I’m going to try to make this as unconvoluted as possible, so please bear with me.
OK so many people believe that language games yield an indeterminancy debate in law. That is legislators can’t legislate laws which adjudicators will definitely adjudicate according to because adjudicators can interpret language as they see fit.
This leads to situations where people challenge adjudicators with reductio ad absurdum arguments AKA “What do you think this means?” Eventually, it leads to accusations of illiteracy where adjudicators can’t communicate, and adjudicators make appeals to popularity as proof that they can communicate because they’re uniting in common with a quantity of people that’s significant, larger, and/or a majority.
Basically, I’m outlining the basis of socially democratic or traditionally conservative interpretations of the rule of law here. Those who interpret words normally are right, and those who interpret words abnormally are wrong. This leads to the rule of law tolerating violations of rights to privacy and due process because abnormal people supposedly just don’t get what rights to privacy and due process actually exist. Only those who are normal are entitled to rights to privacy and due process, but that defeats the purpose of them in the first place since people are expected to conform to what’s normal anyway.
OK! SO ASSUMING YOU’VE GOTTEN THROUGH THAT…
…how can anyone claim that the rule of law genuinely exists as distinguished from a state of nature?
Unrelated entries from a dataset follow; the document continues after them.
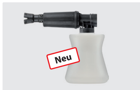
1/4" IG. Schauminjektorlanze mit Dosierung und Flasche. Max. 300 bar / 80 °C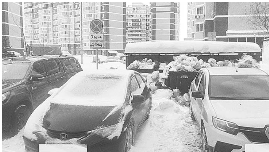
Административная комиссия города Сургута

Так, в текущем году за совершение правонарушений данной категории к ответственности привлечено 2 человека .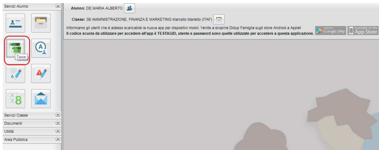
(accesso ai servizi di pagamento)

Il servizio di pagamento delle tasse e dei contributi scolastici è integrato all'interno di Scuolanext - Famiglia, ed è richiamabile tramite il menù dei Servizi dell'Alunno .

I’m asking this because the definition of “rule of law” would be subject to the utility preferences, temperaments, and attitudes that people are born with into the world. Those who are born abnormally would be doomed to malicious prosecution and negligence by those who are born normally. Those who are born normally could manipulate the indeterminancy debate as an excuse to adjudicate according to the interpretations of words that they want. For example, they could rewrite context out of syntax just to show how someone’s interpretations of words are arbitrarily dogmatic. After all, just because someone says a word has a definition doesn’t make it so. Normal people will make appeals to cohesion, instead of correspondence, in order to justify their style of communication.
This means words cannot have their definition deduced since there’s no reliable necessity-contingency relationship. Instead, the appropriate definition of words would be learned from experience and applied where it’s practical. However, people would be expected to anticipate in advance of experience what’s practical. That is they wouldn’t simply learn from experience through trial and error because that’s a ridiculous pain in the neck given the amount of reiteration required to do so. Instead, people would be expected to abductively reason the appropriate definition of words in imagining a sufficient, but not necessary, explanation for how words relate with one another when things are explained.
However, this sufficiency clause is still a problem because the amount of sufficiency required to relate words with one another is subjective. Again, we’re stuck with the normal versus abnormal debate. There’s also a problem in how many-to-one relationships might exist for sufficiency. For example, just because a certain quantity of sufficiency is expected doesn’t mean there is only one sufficient solution to a problem. I expect this is something that both cultural relativists and assimilationists can agree upon. After all, both relativists and assimilationists can appreciate the particular nuances of language, and how nuances exist diversely among different communities.